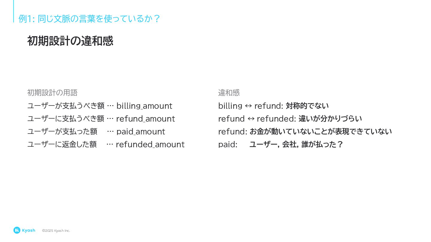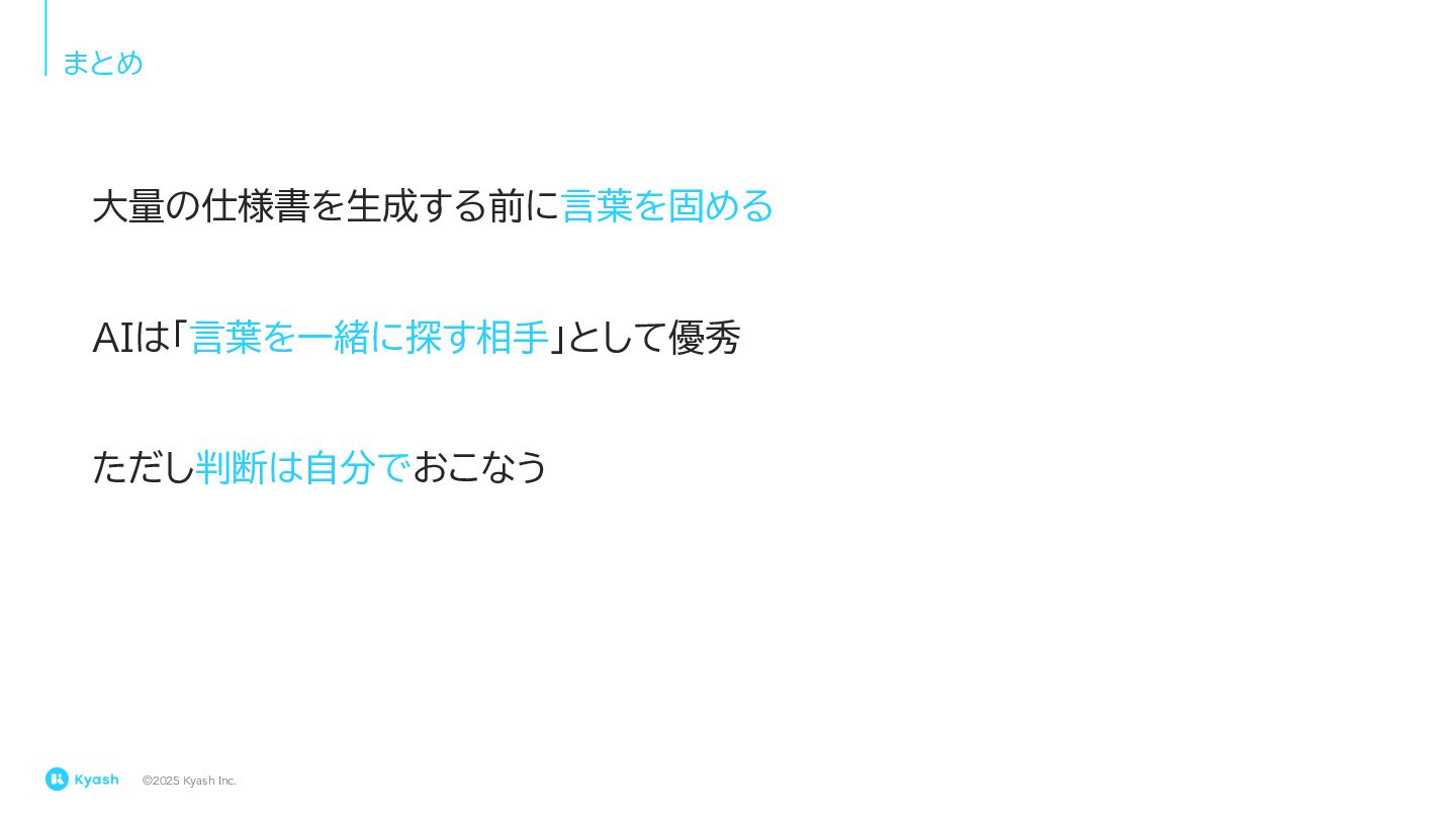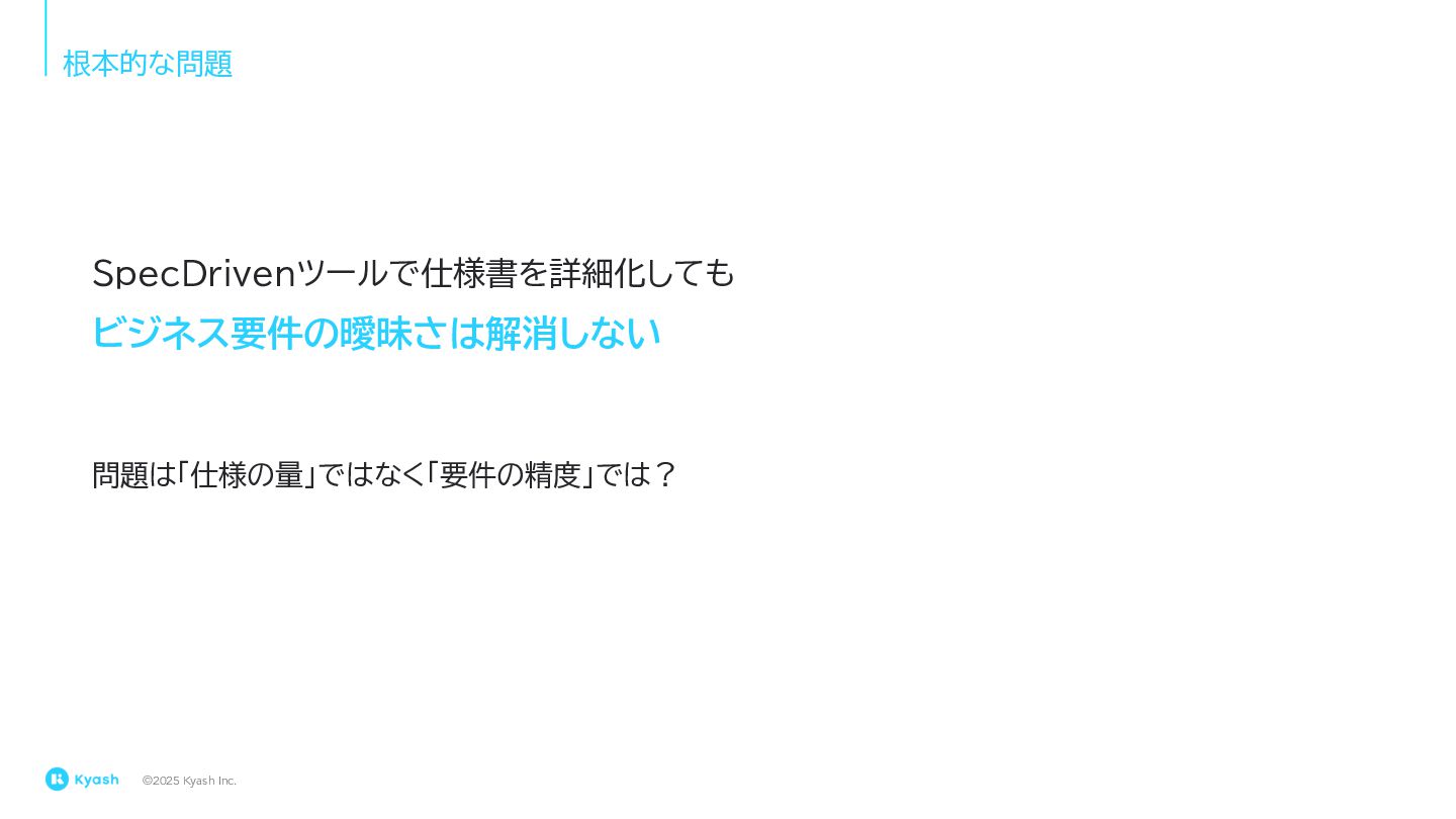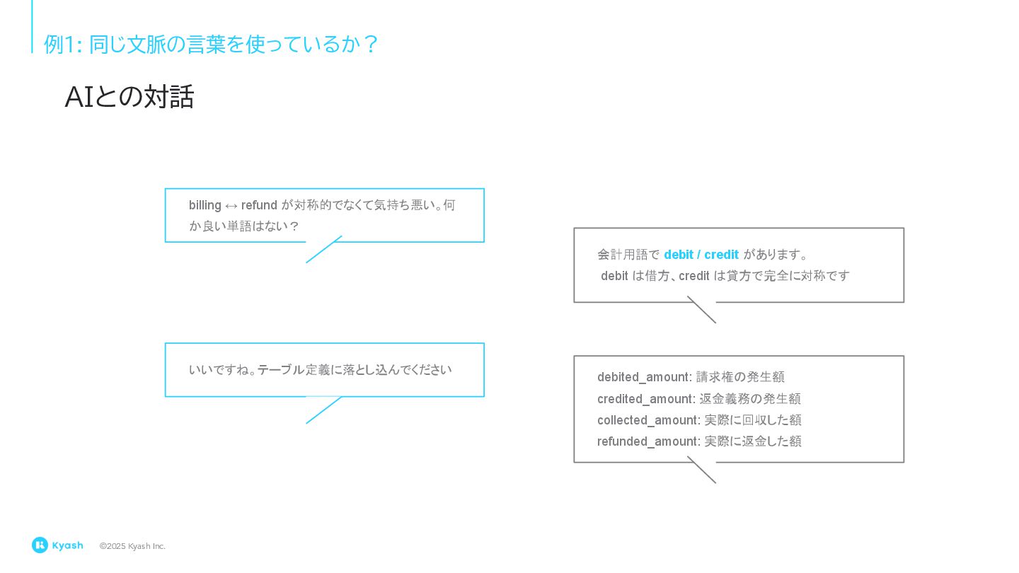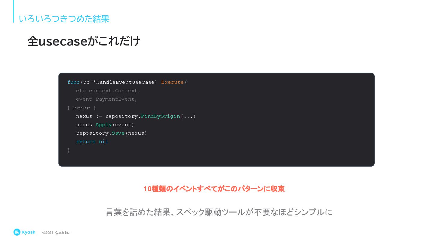 → unlike (cancel? remove?) いいね済み → liked Step 2:ドメイン層の責務を考える Like(Entity) user_id, target_type, target_id Likeable(Interface) いいねされる対象が実装 Article, Comment などさまざまなものが対象になる LikeService 重複いいね防止 いいね数の集計ロジック Step 3:ここでスペック駆動 「LikeServiceを実装して。 Likeエンティティを作成し、 対象のlikesCountを インクリメントする」 用語と責務が決まっているので AIの実装が一貫する
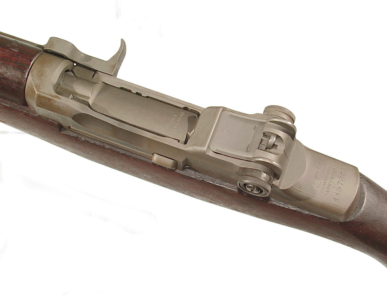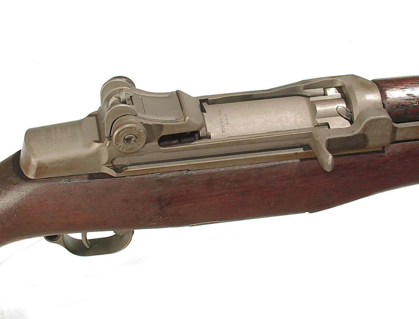 .30-06 caliber, semi-auto action loaded through the top with an 8 round clip. Adjustable rear receiver sight, full stock with handguard. Parkerized finish overall. In unissued condition retaining all of the parkerized finish with very sharp stamping. Excellent wood. Korean War production. Appears to be a DCM sale rifle and is accompanied with it’s shipping box with inserts. Label indicates it was shipped form the Anniston Depot.
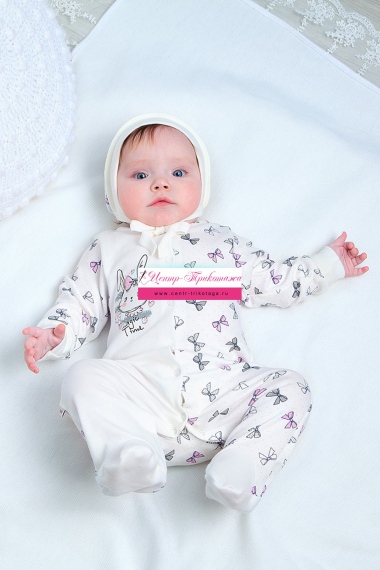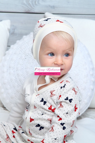 Чепчик интерлок "Амелька" (кремовый, красный) №ИВБ-20131
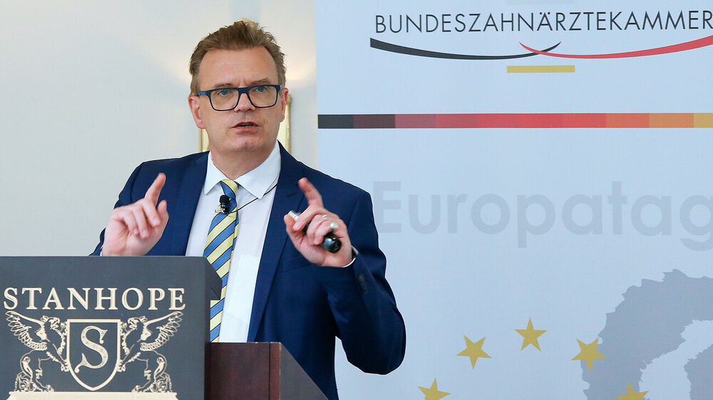 In seiner Begrüßung nahm BZÄK-Präsident Prof. Dr. Christoph Benz zunächst den deutschen Umgang mit der Digitalisierung aufs Korn. Der hiesige Hang, das Digitale „wie eine Science-Fiction“ zu behandeln, produziere regelmäßig Enttäuschungen – stattdessen würde es Deutschland guttun, etwas mehr Realitätssinn an den Tag zu legen und flexibler an den Möglichkeiten der Technik entlang zu denken, forderte Benz. Die Meilensteine der digitalen Entwicklung seien nicht die Umsetzung von Science-Fiction, sondern „eine Evolution der Realität und vielleicht gerade deswegen erfolgreich“ gewesen.
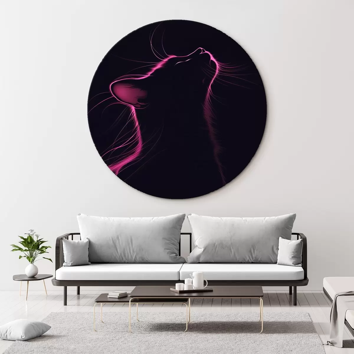 Picturi rotunde Pisică roz neon pe un fundal negru r40994
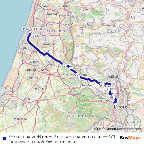 The first stop of the 471 bus route is ת.רכבת תל אביב - סבידור/רציפים B and the last stop is ת. מרכזית ירושלים/הורדה. 471 (ת.רכבת תל אביב - סבידור/רציפים B-תל אביב יפו<->ת. מרכזית ירושלים/הורדה-ירושלים-1#) is operational during כל יום.

▶ **What needs to be done**
With the images omitted, retype the records above exactly.

▶ **Answer below**
 → unlike (cancel? remove?) いいね済み → liked Step 2:ドメイン層の責務を考える Like(Entity) user_id, target_type, target_id Likeable(Interface) いいねされる対象が実装 Article, Comment などさまざまなものが対象になる LikeService 重複いいね防止 いいね数の集計ロジック Step 3:ここでスペック駆動 「LikeServiceを実装して。 Likeエンティティを作成し、 対象のlikesCountを インクリメントする」 用語と責務が決まっているので AIの実装が一貫する
 .30-06 caliber, semi-auto action loaded through the top with an 8 round clip. Adjustable rear receiver sight, full stock with handguard. Parkerized finish overall. In unissued condition retaining all of the parkerized finish with very sharp stamping. Excellent wood. Korean War production. Appears to be a DCM sale rifle and is accompanied with it’s shipping box with inserts. Label indicates it was shipped form the Anniston Depot.
 Чепчик интерлок "Амелька" (кремовый, красный) №ИВБ-20131
 In seiner Begrüßung nahm BZÄK-Präsident Prof. Dr. Christoph Benz zunächst den deutschen Umgang mit der Digitalisierung aufs Korn. Der hiesige Hang, das Digitale „wie eine Science-Fiction“ zu behandeln, produziere regelmäßig Enttäuschungen – stattdessen würde es Deutschland guttun, etwas mehr Realitätssinn an den Tag zu legen und flexibler an den Möglichkeiten der Technik entlang zu denken, forderte Benz. Die Meilensteine der digitalen Entwicklung seien nicht die Umsetzung von Science-Fiction, sondern „eine Evolution der Realität und vielleicht gerade deswegen erfolgreich“ gewesen.
 Picturi rotunde Pisică roz neon pe un fundal negru r40994
 The first stop of the 471 bus route is ת.רכבת תל אביב - סבידור/רציפים B and the last stop is ת. מרכזית ירושלים/הורדה. 471 (ת.רכבת תל אביב - סבידור/רציפים B-תל אביב יפו<->ת. מרכזית ירושלים/הורדה-ירושלים-1#) is operational during כל יום.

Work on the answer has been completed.